As Gabriel explained, “It’s like working on a sculpture — you’re curving it, you’re cutting it and in the end you have the most amazing shape in front of you.”
Dry cutting also lets you see what your hair’s going to look like in the end.
No more surprises. “It’s kind of fun to see it appear as you’re cutting,” Arturo said. “Because otherwise, clients don’t really get to see what’s going on until it’s blown out.”
Dry cutting can be great for thick-haired women who want to remove bulk.
Gabriel told us, “The dry cut is a technique that allows me to eliminate bulk where it’s needed and add thickness and body where it needs to be added.” All wet hair is sort of flat, but dry hair reveals which areas are extra thick.
For women with curly hair, dry cutting lets hairstylists see how each unique curl falls, so they know how to cut each one.
“With curly hair, the curl range is much higher from wet to dry,” explained Ana, meaning the difference between how the curls lay wet versus how they lay dry is so vast. But when hair is wet, Arturo told us, “you’re stretching the hair and you’re cutting it all to one length. And when the curls find their way in to their own pattern, some curls are curlier than others.” The result? An uneven, imprecise cut.
When straight hair is dry, hairstylists can identify any waves or bends in the hair that they can use to create volume.
“If you have thin, fine hair, you’re trying to use any bend for movement, to create an illusion of volume,” Ana told us. “So if you cut it wet, you’re not taking advantage of any waves or bends.” With it dry, the stylist can cut a shape that accounts for any little kinks or cowlicks, giving you more volume.
Dry cutting also causes less damage to the hair, which allows you to go longer between haircuts.
“The hair is elastic, so when you cut it wet, the ends can fray a little more,” said Arturo. “When the hair is dry and you’re using dry cutting scissors, you get a much cleaner cut on the ends of the hair, so they don’t split and fray as much.”
Hair that’s not frayed is healthier hair, which keeps it looking better longer. In addition, Gabriel explained, a well-crafted shape will maintain itself longer. “You really don’t need as many haircuts between because the shape holds itself for a while.”
Dry cutting doesn’t mean you have to skip the luxurious salon hair wash.
Some salons, like Devachan, wait to wash and blow out a client’s hair until after the cut. Some, like Arturo Salon, washes the client’s hair first, then dries it, then cuts it dry. But either way, you still get that great head massage out of the deal.
But a dry haircut takes much longer… and can be more expensive.
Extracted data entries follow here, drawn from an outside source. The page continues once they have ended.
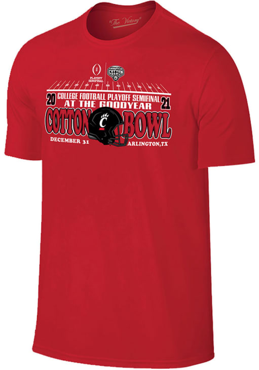Display your team spirit with this remarkable Cincinnati Bearcats Red 2021 College Football Playoff Bound Short Sleeve T Shirt! The Cincinnati Short Sleeve Tee showcases a screen print Cincinnati Bearcats Football 2021-2022 College Football Playoff bound graphic on front chest that truly sets it apart. Stand out from the crowd and proudly declare your allegiance to the Bearcats with this exceptional Red Cincinnati T Shirt. Go Bearcats!!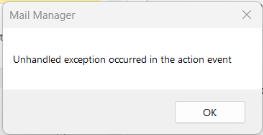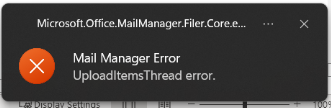 - Unhandled Exception Occurred in the action event (Mail Manager Error - UploadItemsThread error)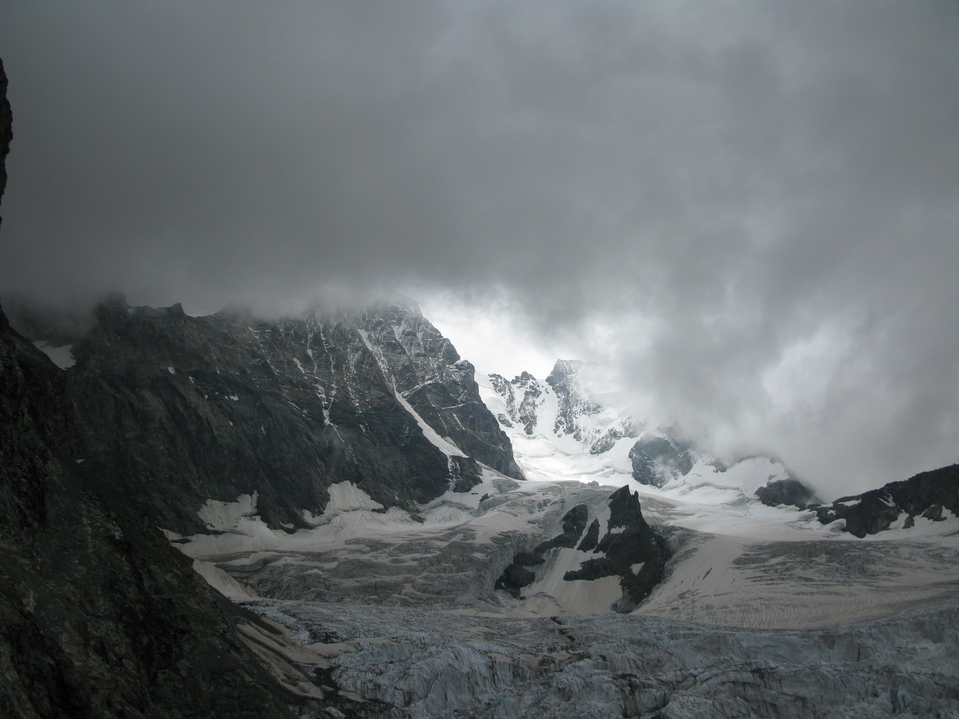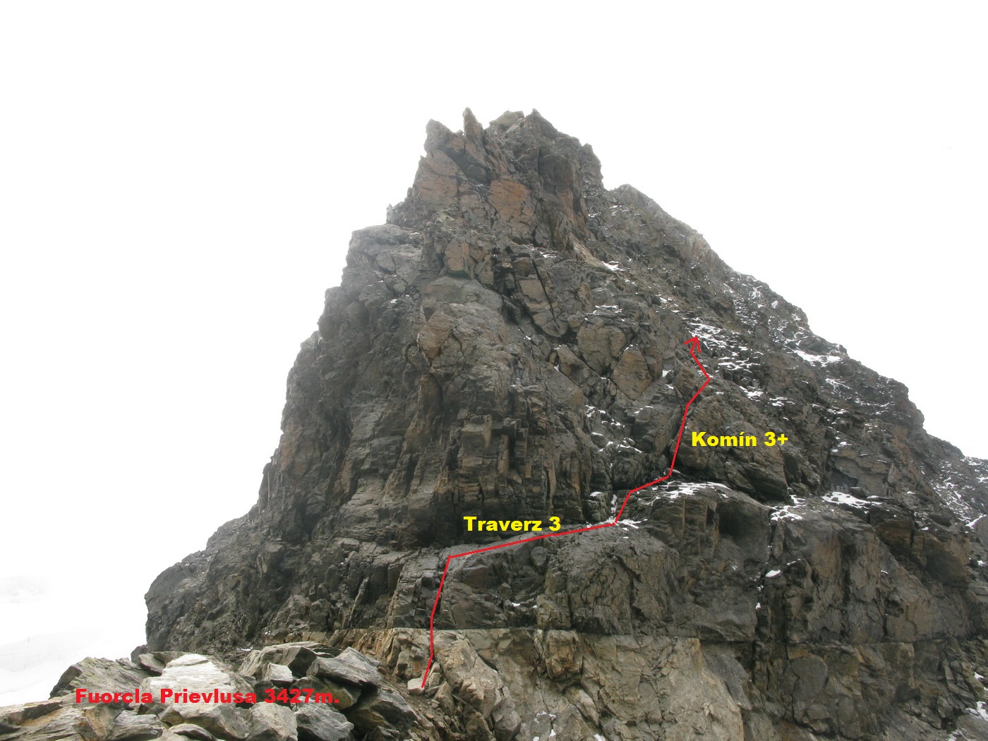 Pokračujem traverzom. Na niekoľkých miestach sú tu reťaze. V závere traverzu schádzam suťou dole na ľadovec. Ten však iba líznem a už si to mierim strmo hore k ľadovcu pod sedlom Prievlusa. Počasie je stále mizerné...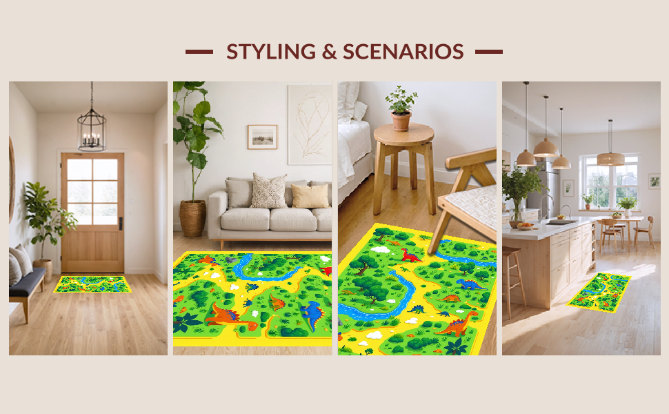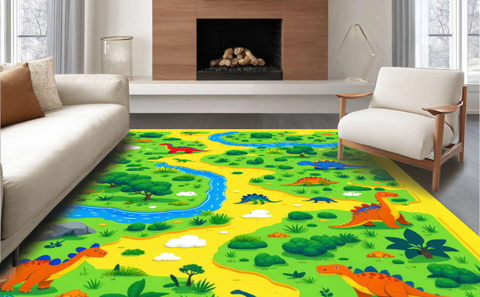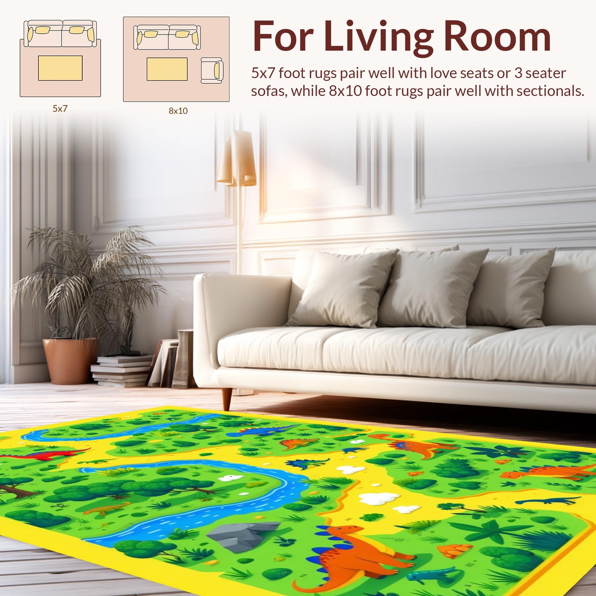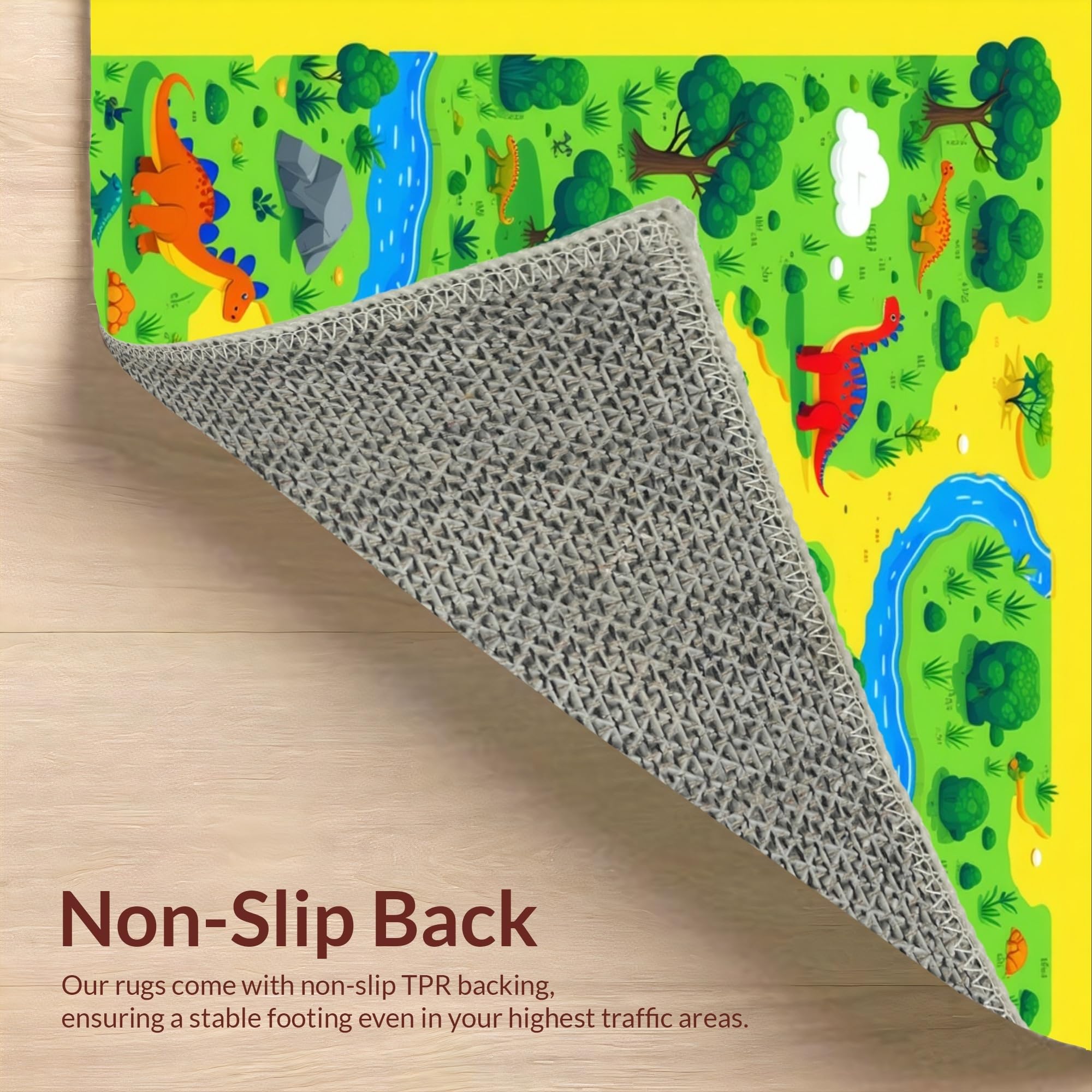 Ultra Soft Area Rug, Non Slip, Stain Resistant, Washable Area Rugs for Living Room, Bedroom, Whimsical Jungle Creature Layout(Green) Overview: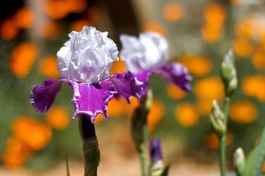 | Keywords: iris 2016366 flower poppy spring depth of field bokeh plant outdoor It's quite a colorful show so far this year- those irises are white standards on purple falls, with a backing chorus of California Poppies It's quite a colorful show so far this year- those irises are white standards on purple falls, with a backing chorus of California Poppies |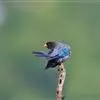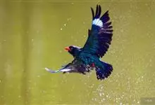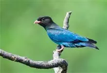 三宝鸟,是佛法僧目佛法僧科三宝鸟属中小型攀禽。成鸟通体为富有光泽的墨蓝绿色,头大而头顶扁平;头部色深近紫黑色,上体至尾泛有铜绿光泽;两翼有幽蓝金属光,初级飞羽黑褐色;羽基淡石青色,形成大块淡蓝,…全部>>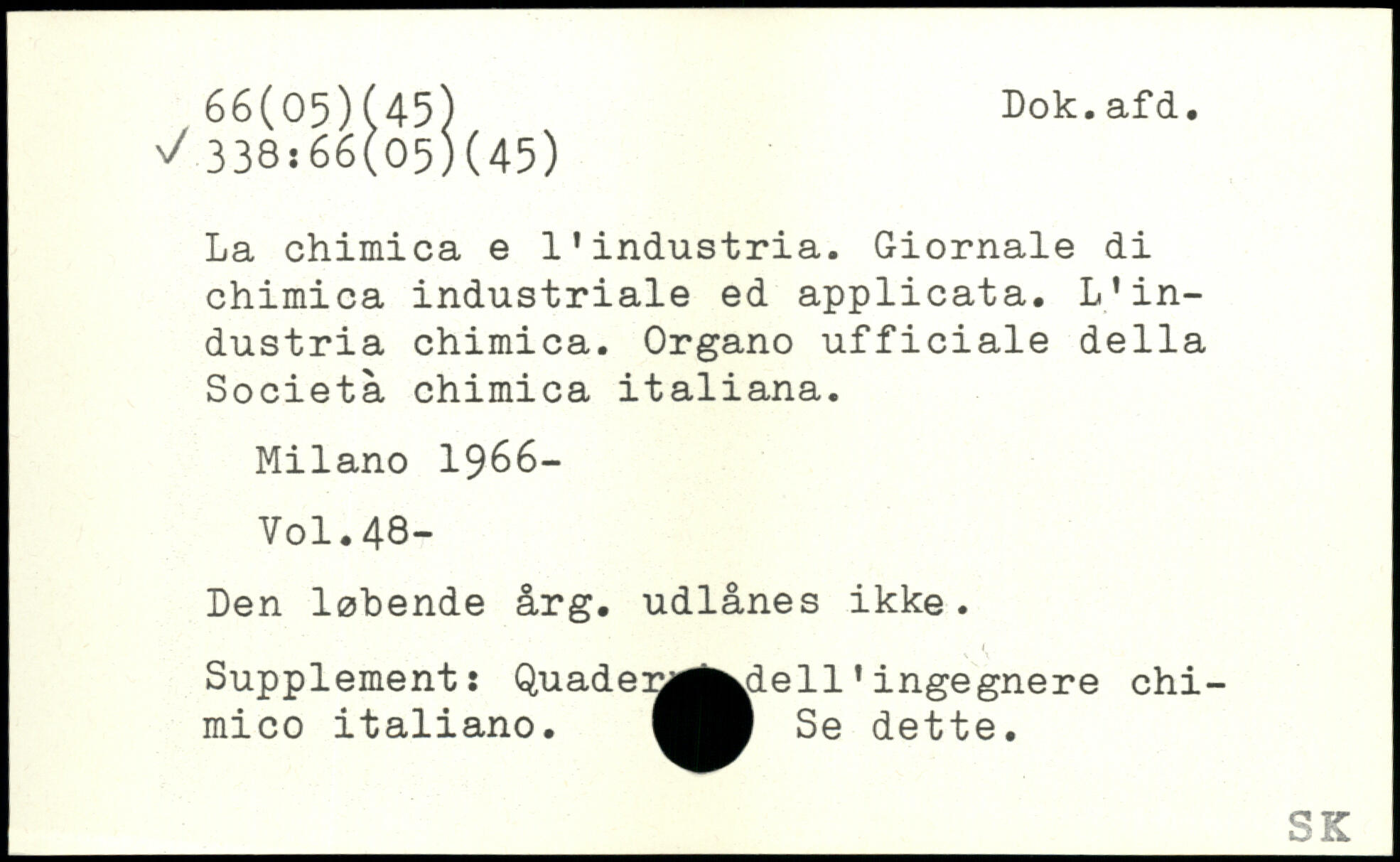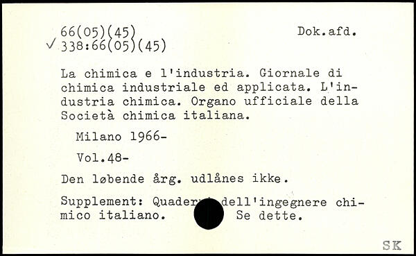 La chimica e 1’industria. Giornale di chimica industriale ed applicata. L.industria chimica. Organo ufficiale della Société chimica italiana. Milano 1966-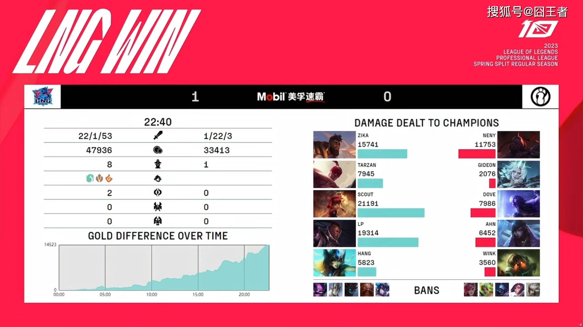 也许是听到EDG失败的消息,让LNG充满干劲,他们在第一局比赛中重拳出击,没有给予iG任何机会。而反观iG,则是在拿到一座防御塔之后,就在22分40秒内,匆匆投子认负。这种25分钟不到的速胜局,囧王者认为没有复盘的必要!
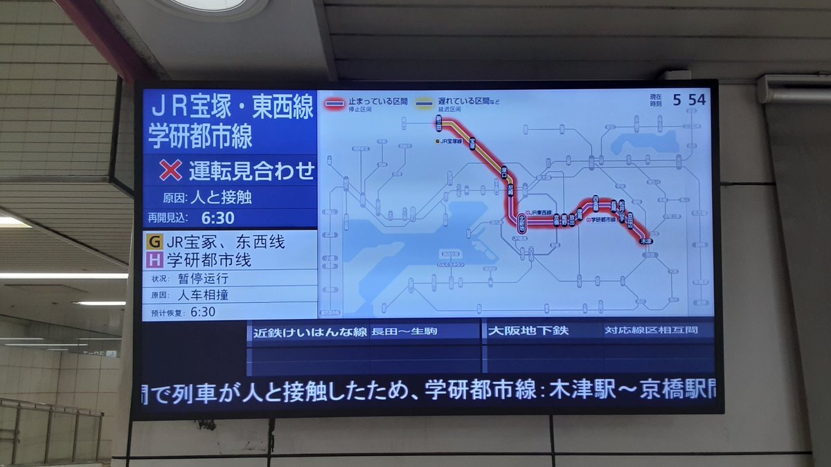12月24日8時22分現在: 学研都市線:鴫野駅〜京橋駅間で列車が人と接触したため、JR神戸線・学研都市線・JR東西線・JR宝塚線・おおさか東線の列車に遅れや運転取り止めがでています。このため、振替輸送を実施しています。 #JR西日本 https://t.co/YFMMghHIKM pic.twitter.com/X9KySAZLGD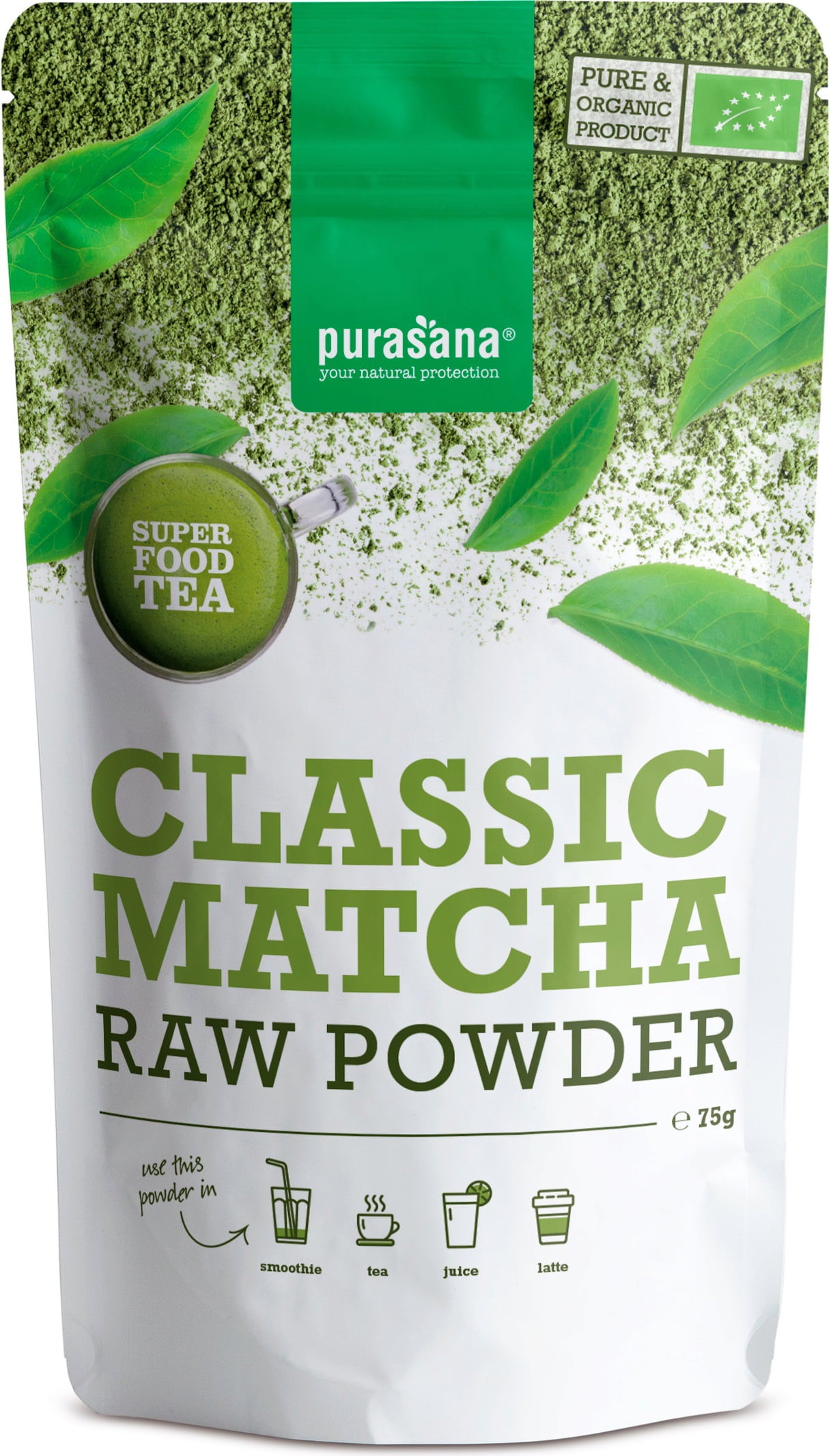 ¡Sumérgete en el mundo del té verde matcha con este polvo de Purasana! Para hacer el producto, el té verde matcha se cosecha cuidadosamente, se cuece al vapor y se muele hasta obtener un polvo fino. Con su característico color verde claro, el polvo de matcha orgánico es el sustituto perfecto del café.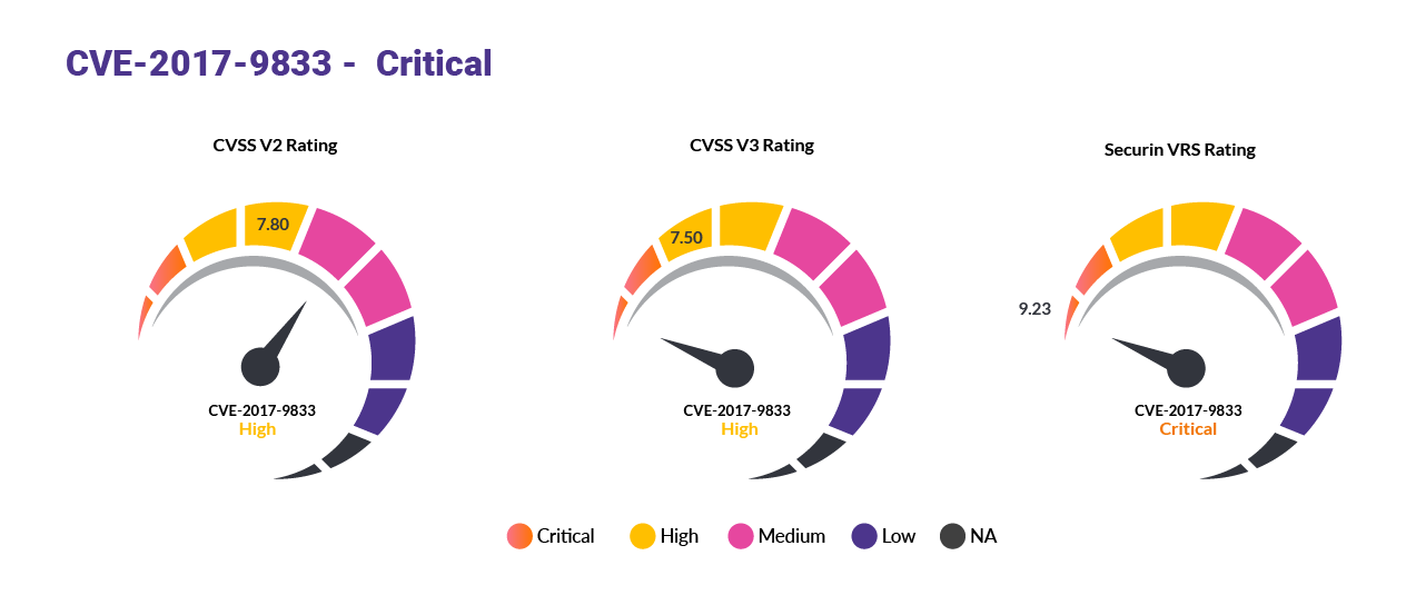 CVE-2017-9833 had an initial CVSS v2 score of 7.80 but was demoted to a CVSS v3 score of 7.50. However, since the vulnerability has been exploited actively by Hive ransomware and RedEcho APT, many years after it was discovered, our Securin VI platform has assigned it a VRS score of 9.23.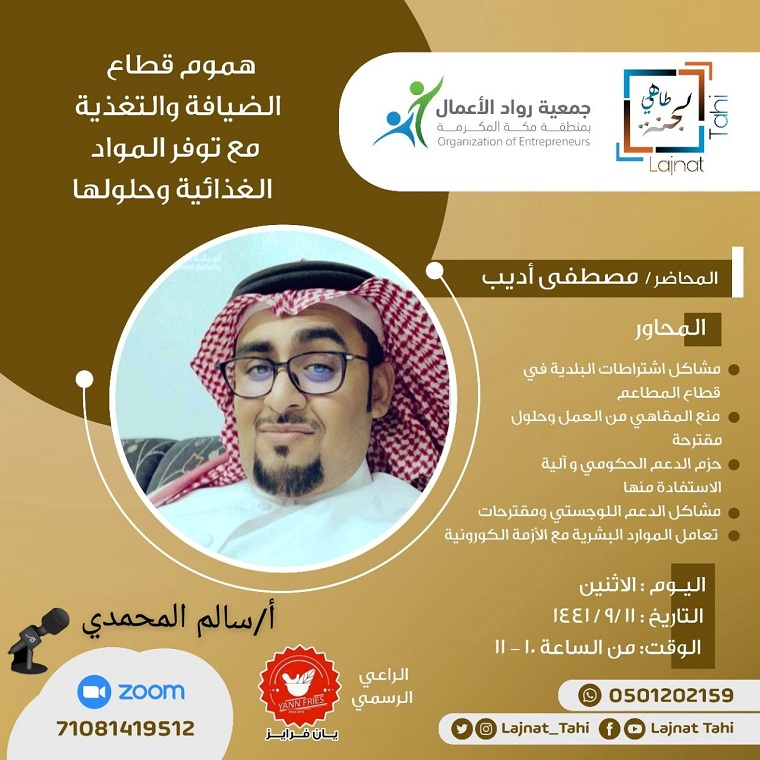 تنظم لجنة طاهي محاضرة بعنوان «هموم قطاع الضيافة والتغذية مع توفر المواد الغذائية وحلولها» والتي يقدمها المحاضر مصطفى أديب ويحاوره سالم المحمدي وذلك عبر برنامج زووم.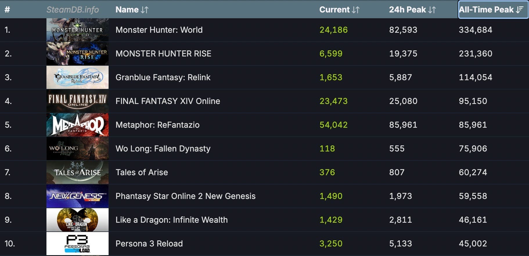 Только MMORPG Final Fantasy 14, Granblue Fantasy: Relink (включает возможность кооперативной игры), Monster Hunter Rise и Monster Hunter World (две больших боевик ролевых игры с кооперативом) превзошли Metaphor: ReFantazio, исключительно однопользовательскую игру от Atlus.

“With the dry cut, you’re cutting every piece individually,” said Gabriel. “Every hair piece get cuts on its own. So the technique takes much longer — it actually takes 45 minutes to an hour to cut hair.” Price-wise, a Devachan cut starts around $80, an Arturo Salon cut can run you up to $200 and the John Sahag Workshop goes up to $350. Why the hefty price tag? Arturo sums up: “It takes longer, not many people do it and the haircuts last longer.”
“We [who do dry cuts] are really like one percent of hairstylists in the world,” joked Gabriel. But there are several salons that do dry cutting in New York City, select salons in cities like Miami, Philadelphia and Boston. Thank goodness for Google.